◆ **Activity**
Omitting the pictures, print every line below exactly as it stands.

[Recorded data]
______
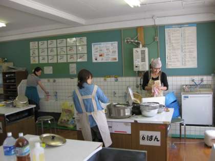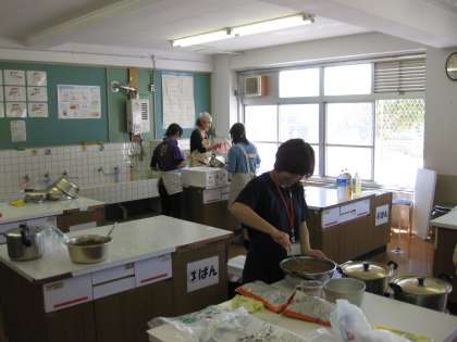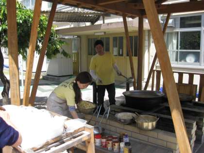 子どもたちが,カードラリーをしている間に,学校では,おやじの会の方々とPTAの方々が,中庭のかまどと家庭科室に分かれて,カレー作りです。
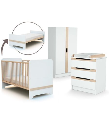 AT4 - Chambre bébé lit, commode à langer et armoire Blanc et Hêtre Verni
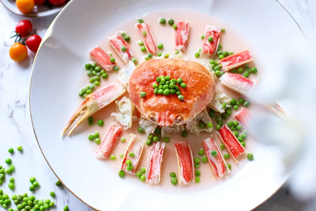 蒸し上げた蟹肉と蟹味噌を重ね、透明な澄ましスープを注いだ爽やかな一皿。
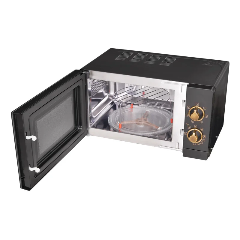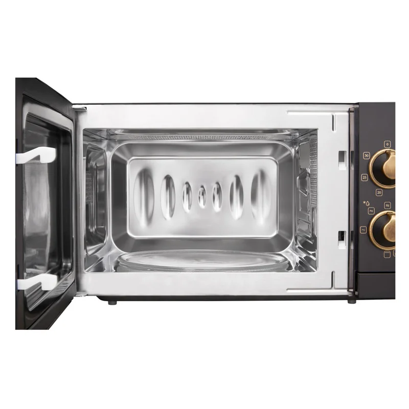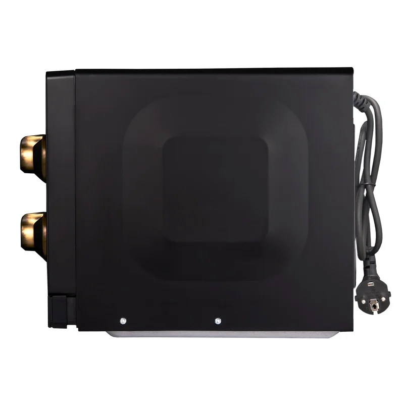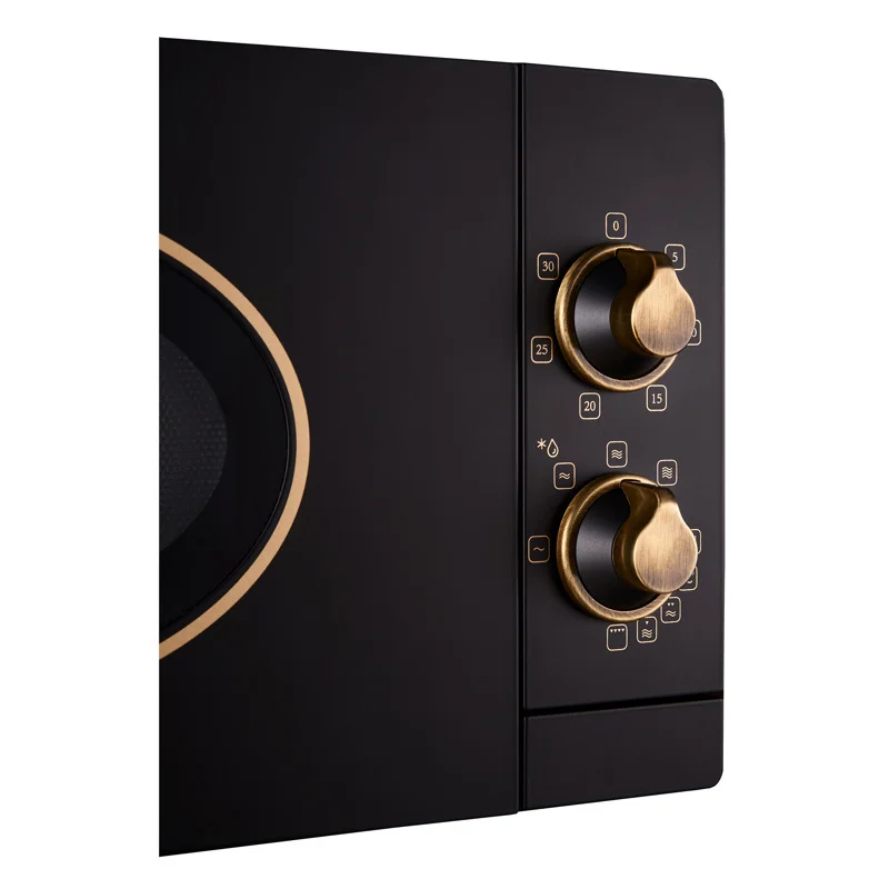 Микроволновая печь KORTING выделяется своим уникальным ретро-дизайном, который придает кухне особый шарм и уют. Черный цвет с бронзовыми элементами создает элегантный и стильный вид, который organically впишется в любой интерьер.
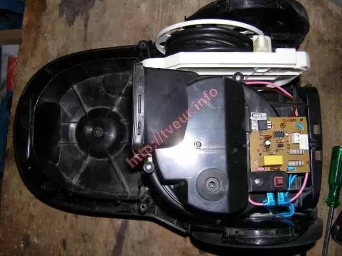 Безмешковый пылесос с контейнером ElectroLux ZTF 7615, в котором используется плата регулятора SL-1800 плохо работает, в нем сильно гудит мотор, кроме того, нет тяги. С такой неисправностью ремонт пылесосов будет не только сложным, но и дорогим. Заказчик, который доставил его в нашу сервисную мастерскую пытался самостоятельно решить проблему, но у него ничего не получилось. Эта модель с циклоническим фильтром, который максимально прост в обслуживании. Она создана для выполнения сухой уборки и наделена потребляемой мощностью 1800 Вт. У пылесоса универсальная парковка, автоматическое сматывание шнура, а также регулировка мощности на корпусе. К особенностям модели можно отнести наличие удобного индикатора загрязнения фильтра, легкую очистку контейнера, мягкие, очень легко маневрирующие колеса, а также удобную для переноски ручку. Несмотря на то, что общее состояние этой бытовой техники хорошее, неисправность достаточно серьезная. Поскольку в двигателе развалилась крыльчатка (отлично видно на фото № 5). В данном случае ремонт пылесосов состоял в замене нового двигателя, так как вышедший из строя восстановить не было возможности. Кроме этого сделана чистка устройства. После ремонта этот пылесос работает хорошо, без лишнего шума. Пользователь предупрежден о том, чтобы в дальнейшем без фильтров пылесос не включать, периодически за ним ухаживать.
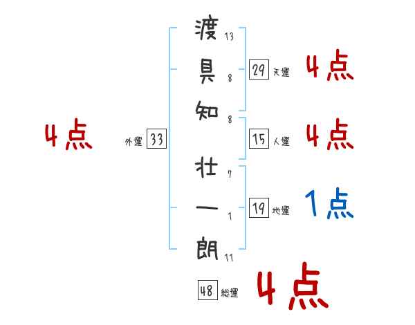 外運![]() | 渡具知壮一朗さんの外運は33画の4つ星!権力志向でプライドが高い。勇気があり運を切り開き成功する。 生活面を象徴する運勢です。外部から受ける影響力を表し、結婚運、家庭運や職場、環境への順応性を表します。 |
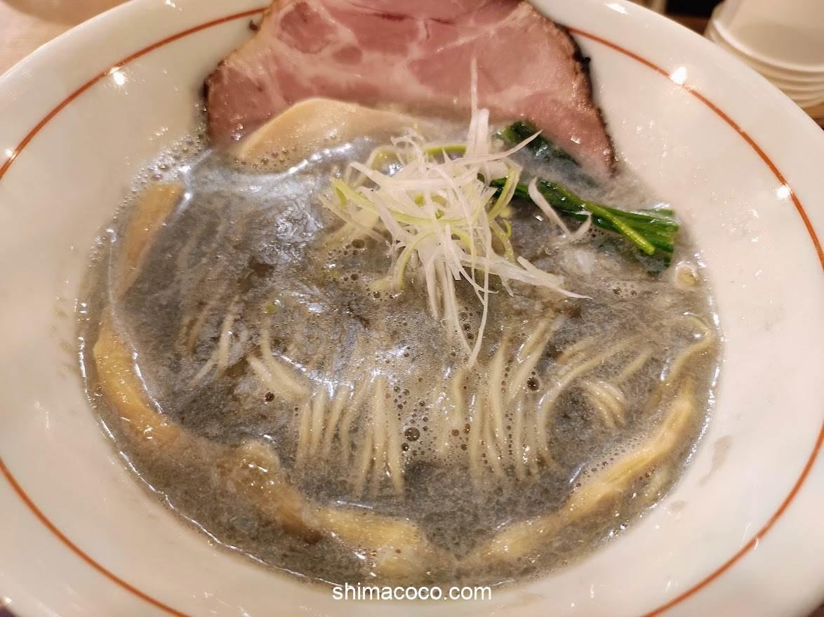 見た目がグレー(灰色)の濃厚な煮干しスープが特徴的
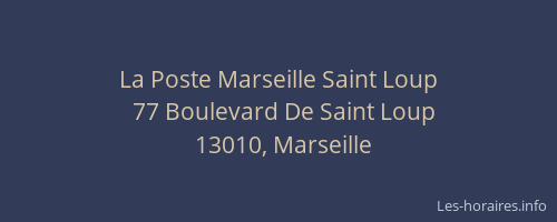 Voici les horaires de La Poste Saint Loup situé à Marseille,
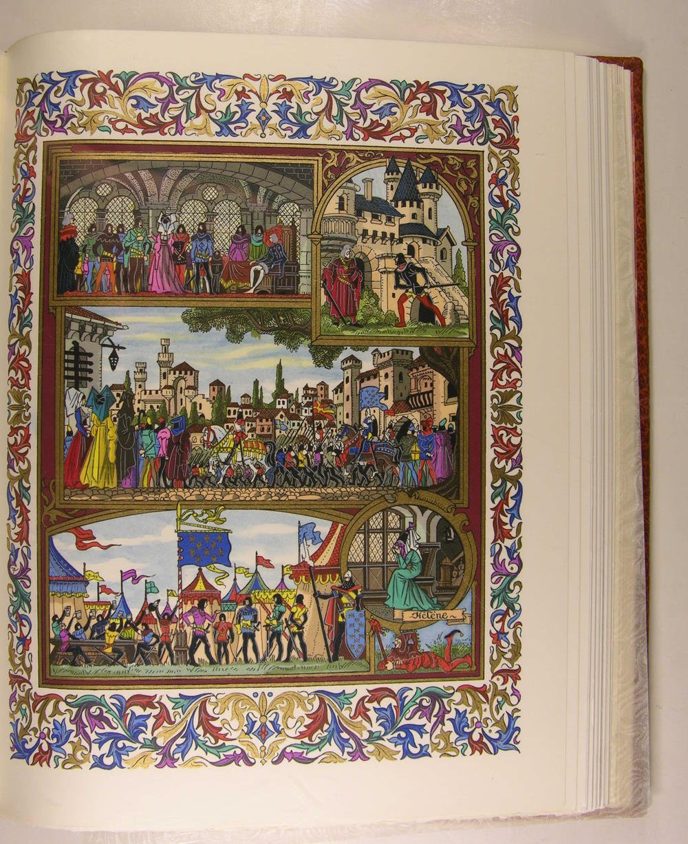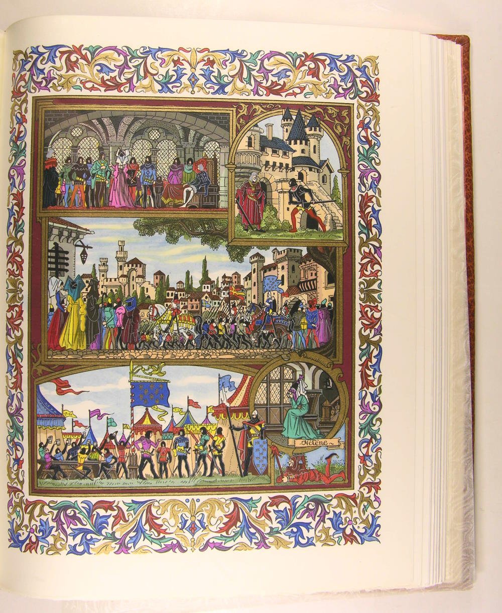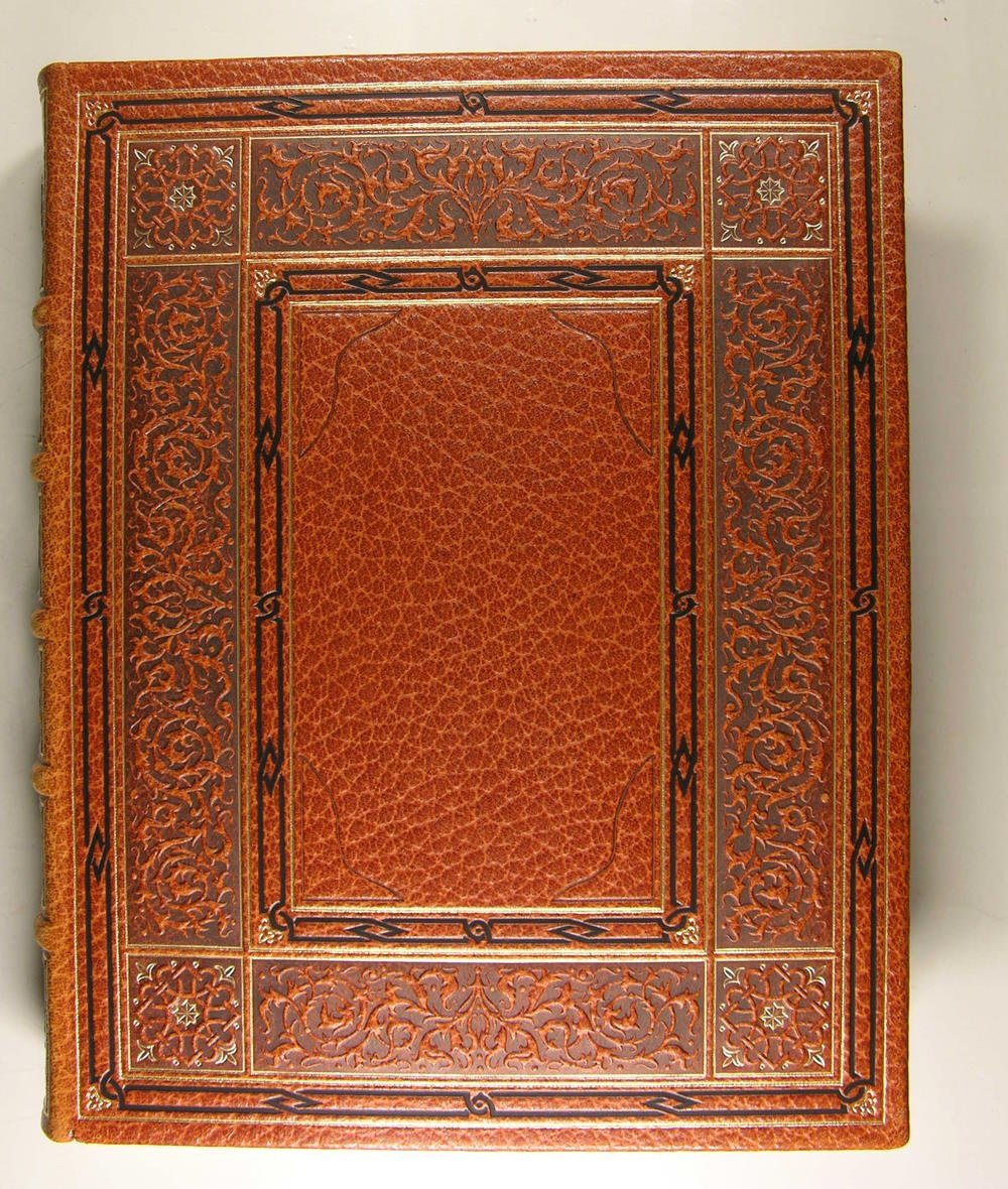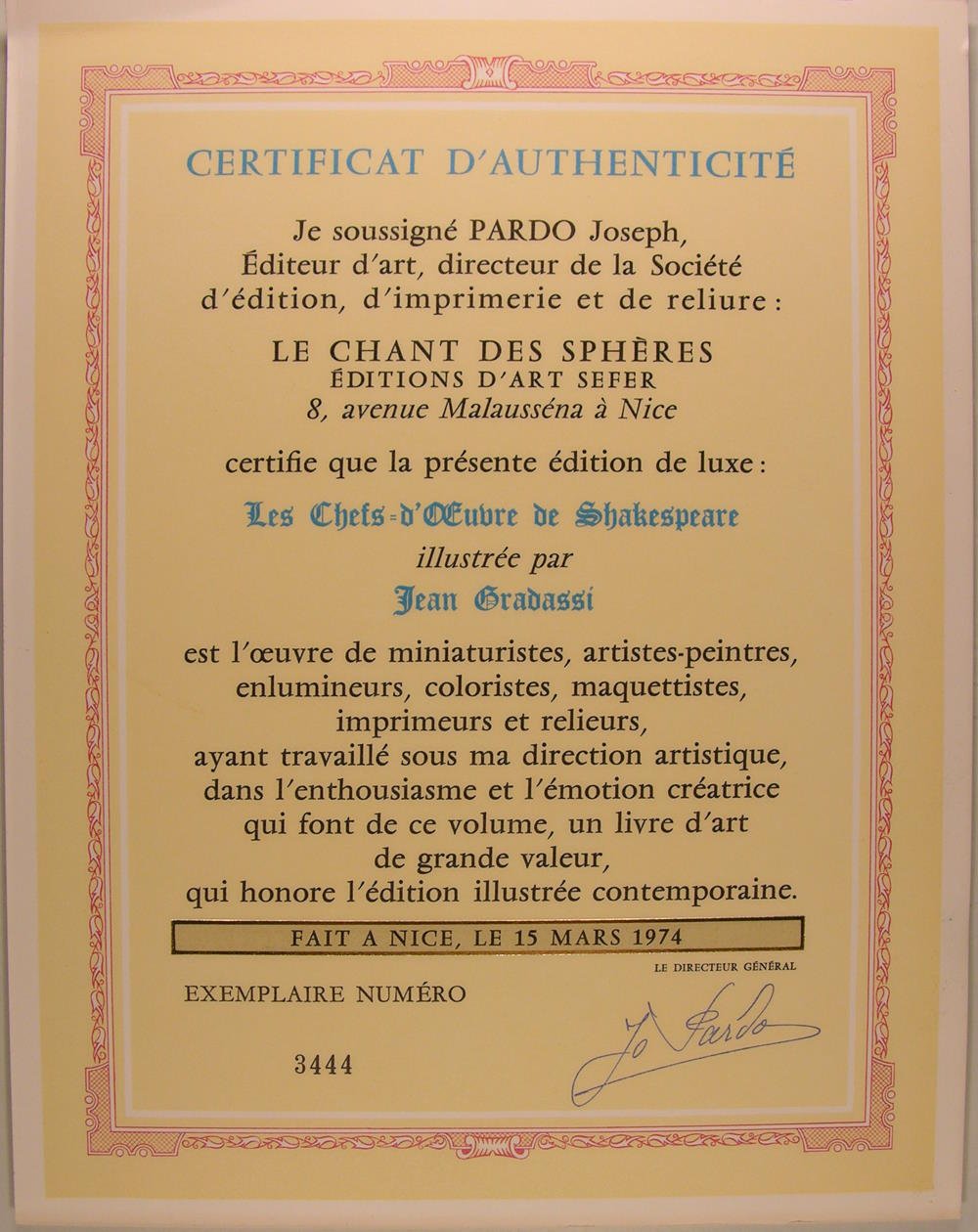 A l'enseigne du Chant des Sphères au 22 de l'avenue Borriglione à Nice, 1969-1974. 12 volumes, première et deuxième série, in/4, cuir havane, plats entièrement recouverts d'un décor floral poussé à froid à la plaque, rehaussé de filets et fleurons dorés, rappel du décor sur les dos à nerfs; doublures et gardes de papier marbré, têtes dorées, non rognés. Étuis (reliures de l'éditeur), Dos passés. Très belle édition illustrée par Jean Gradassi de miniatures coloriées au pochoir et rehaussées à l'or et au palladium, dont 2 frontispices sur double page, 72 miniatures hors texte, 72 bandeaux, et de nombreux culs-de-lampe. Tirage limité à 3.530 exemplaires numérotés. 3444. Exemplaire complet du certificat d'authenticité de l'éditeur. Avec une suite en vert anglais de 6 planches,et une aquarelle originale, parmi les 420 exemplaires numérotés de 181 à 600. Traduction de F. Victor Hugo. La Mégère apprivoisée. Roméo et Juliette. 1 volume - Hamlet. Le Songe d'une nuit d'été. 1 volume - Le Marchand de Venise. Othello. 1 volume - Macbeth. Le Roi Lear. 1 volume - Coriolan. Les Joyeuses Commères de Windsor. 1 volume - Richard III. Henry VIII. 1 volume - Les Deux Gentilshommes de Vérone. Antoine et Cléopâtre. 1 volume - Le Soir des rois. Henry V. 1 volume - Peines d'amour perdues - Richard II. 1 volume - Comme il vous plaira. Mesure pour mesure. 1 volume - Beaucoup de bruit pour rien. Jules César. 1 volume - Le Roi Jean. Tout est bien qui finit bien.
______
◆ **Solution below**
 子どもたちが,カードラリーをしている間に,学校では,おやじの会の方々とPTAの方々が,中庭のかまどと家庭科室に分かれて,カレー作りです。
 AT4 - Chambre bébé lit, commode à langer et armoire Blanc et Hêtre Verni
 蒸し上げた蟹肉と蟹味噌を重ね、透明な澄ましスープを注いだ爽やかな一皿。
 Микроволновая печь KORTING выделяется своим уникальным ретро-дизайном, который придает кухне особый шарм и уют. Черный цвет с бронзовыми элементами создает элегантный и стильный вид, который organically впишется в любой интерьер.
 Безмешковый пылесос с контейнером ElectroLux ZTF 7615, в котором используется плата регулятора SL-1800 плохо работает, в нем сильно гудит мотор, кроме того, нет тяги. С такой неисправностью ремонт пылесосов будет не только сложным, но и дорогим. Заказчик, который доставил его в нашу сервисную мастерскую пытался самостоятельно решить проблему, но у него ничего не получилось. Эта модель с циклоническим фильтром, который максимально прост в обслуживании. Она создана для выполнения сухой уборки и наделена потребляемой мощностью 1800 Вт. У пылесоса универсальная парковка, автоматическое сматывание шнура, а также регулировка мощности на корпусе. К особенностям модели можно отнести наличие удобного индикатора загрязнения фильтра, легкую очистку контейнера, мягкие, очень легко маневрирующие колеса, а также удобную для переноски ручку. Несмотря на то, что общее состояние этой бытовой техники хорошее, неисправность достаточно серьезная. Поскольку в двигателе развалилась крыльчатка (отлично видно на фото № 5). В данном случае ремонт пылесосов состоял в замене нового двигателя, так как вышедший из строя восстановить не было возможности. Кроме этого сделана чистка устройства. После ремонта этот пылесос работает хорошо, без лишнего шума. Пользователь предупрежден о том, чтобы в дальнейшем без фильтров пылесос не включать, периодически за ним ухаживать.
 外運![]() | 渡具知壮一朗さんの外運は33画の4つ星!権力志向でプライドが高い。勇気があり運を切り開き成功する。 生活面を象徴する運勢です。外部から受ける影響力を表し、結婚運、家庭運や職場、環境への順応性を表します。 |
 見た目がグレー(灰色)の濃厚な煮干しスープが特徴的
 Voici les horaires de La Poste Saint Loup situé à Marseille,
 A l'enseigne du Chant des Sphères au 22 de l'avenue Borriglione à Nice, 1969-1974. 12 volumes, première et deuxième série, in/4, cuir havane, plats entièrement recouverts d'un décor floral poussé à froid à la plaque, rehaussé de filets et fleurons dorés, rappel du décor sur les dos à nerfs; doublures et gardes de papier marbré, têtes dorées, non rognés. Étuis (reliures de l'éditeur), Dos passés. Très belle édition illustrée par Jean Gradassi de miniatures coloriées au pochoir et rehaussées à l'or et au palladium, dont 2 frontispices sur double page, 72 miniatures hors texte, 72 bandeaux, et de nombreux culs-de-lampe. Tirage limité à 3.530 exemplaires numérotés. 3444. Exemplaire complet du certificat d'authenticité de l'éditeur. Avec une suite en vert anglais de 6 planches,et une aquarelle originale, parmi les 420 exemplaires numérotés de 181 à 600. Traduction de F. Victor Hugo. La Mégère apprivoisée. Roméo et Juliette. 1 volume - Hamlet. Le Songe d'une nuit d'été. 1 volume - Le Marchand de Venise. Othello. 1 volume - Macbeth. Le Roi Lear. 1 volume - Coriolan. Les Joyeuses Commères de Windsor. 1 volume - Richard III. Henry VIII. 1 volume - Les Deux Gentilshommes de Vérone. Antoine et Cléopâtre. 1 volume - Le Soir des rois. Henry V. 1 volume - Peines d'amour perdues - Richard II. 1 volume - Comme il vous plaira. Mesure pour mesure. 1 volume - Beaucoup de bruit pour rien. Jules César. 1 volume - Le Roi Jean. Tout est bien qui finit bien.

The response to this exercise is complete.